Lupus Anticoagulant and Phospholipid Syndrome:

In alcuni pazienti affetti da LES vi è un'anomalia nella reazione di coagulazione fosfo-dipendente che impedisce la conversione della protrombina in trombina. Questa attività inibitoria è stata conosciuta come "lupus anticoagulante", è una immuno globulina che agisce contro i fosfolipidi anionici. Il lupus anticoagulante è stato notato per la prima volta in un paziente di LES dove l'aggiunta del plasma del paziente a sangue normale ha prolungato il tempo di coagulazione del sangue intero, ma non il tempo di trombina. È noto che il lupus anticoagulante è una famiglia di anticorpi anti-fosfolipidi.

Questi pazienti non presentano un aumentato rischio di sanguinamento, a meno che non abbiano un'altra anomalia ematologica. La presenza di questi anticorpi è associata alla trombosi arteriosa e / o venosa, alla perdita fetale ricorrente e alla trombocitopenia. Queste quattro caratteristiche sono manifestazioni di quella che viene chiamata la sindrome antifosfolipidica.

L'esatta patogenesi non è nota. Si ipotizza che il lupus anticoagulante reagisca con i fosfolipidi piastrinici aumentandone così l'adesività e la piacevolezza. La presenza di questo anticorpo in gravidanza è associata ad un'alta incidenza di aborti ricorrenti e morti intrauterine. Gli infarti placentari sono ritenuti responsabili.

In un paziente asintomatico con presenza di lupus anticoagulante, nessun trattamento è giustificato.
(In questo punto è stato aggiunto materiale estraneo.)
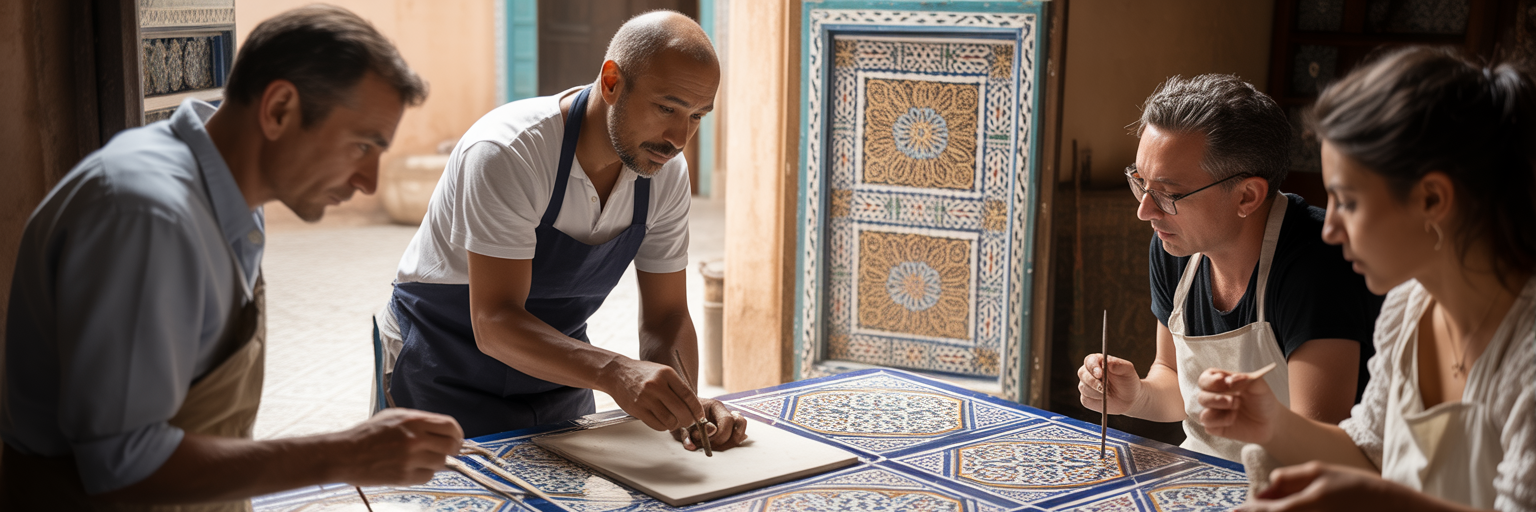 Travelers learning a craft from a local.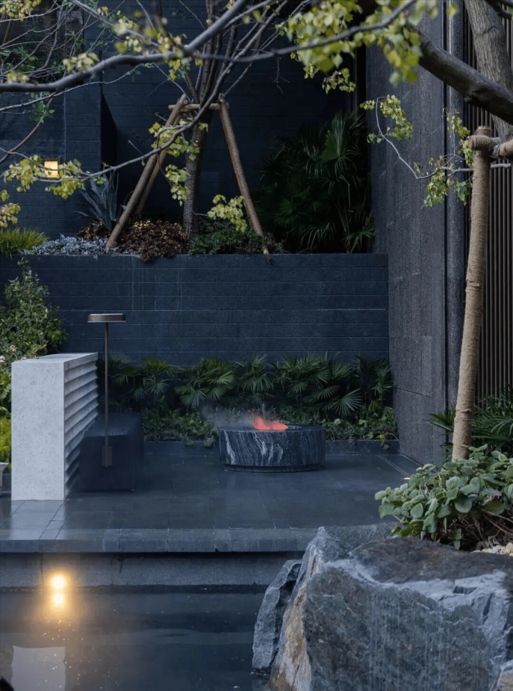 而在3、5号楼之间,则搭建了【围炉夜话】场景空间。古木纹奢石砌成的火炉旁,整木炭化石凳散发着山林野趣,一株红舞姬枫树翩然伴舞。冬日傍晚,好友围坐,体会名门温情。

Coloro che hanno trombosi venosa o arteriosa, richiedono un trattamento. Inizialmente questo può essere fatto con eparina e in seguito sono necessari anticoagulanti orali o farmaci antipiastrinici per tutto il tempo in cui persiste l'anticorpo. In gravidanza con anamnesi di perdita fetale, l'aspirina, l'eparina e possibilmente i corticosteroidi sono stati utilizzati con esito migliorato.

Modifiche indotte dalla droga:

I pazienti con malattie connettivali spesso ricevono un numero di farmaci, che può portare a cambiamenti ematologici. L'aspirina e altri FANS sono noti per compromettere le funzioni piastriniche. Questi pazienti possono sviluppare un sanguinamento clinico dovuto a difetti della funzione piastrinica secondaria all'assunzione di FANS. Gli stessi farmaci causano anche ulcerazioni gastriche.

Può verificarsi sanguinamento gastrointestinale lordo, mentre il sanguinamento subclinico porta ad anemia da carenza di ferro per un periodo prolungato di tempo. La soppressione del midollo osseo può verificarsi a causa dell'uso di farmaci come il metotrexato o l'azatioprina. Reazioni idiosincratiche che portano ad anemia aplastica o citopenia da linea singola possono verificarsi dopo farmaci come la D-penicillamina, l'oro, la sulfasalazina e alcuni FANS.

Conclusione:

La conoscenza delle anomalie ematologiche riscontrate nelle varie malattie connettive è importante. I cambiamenti tipici suggeriscono l'attività della malattia, mentre cambiamenti meno frequenti dovrebbero portare alla ricerca di una causa diversa dalla malattia. Poiché molti cambiamenti nell'immagine del sangue possono essere mutifattoriali, è buona norma escludere i difetti trattabili come la carenza nutrizionale, la perdita di sangue o l'infezione super-aggiunta.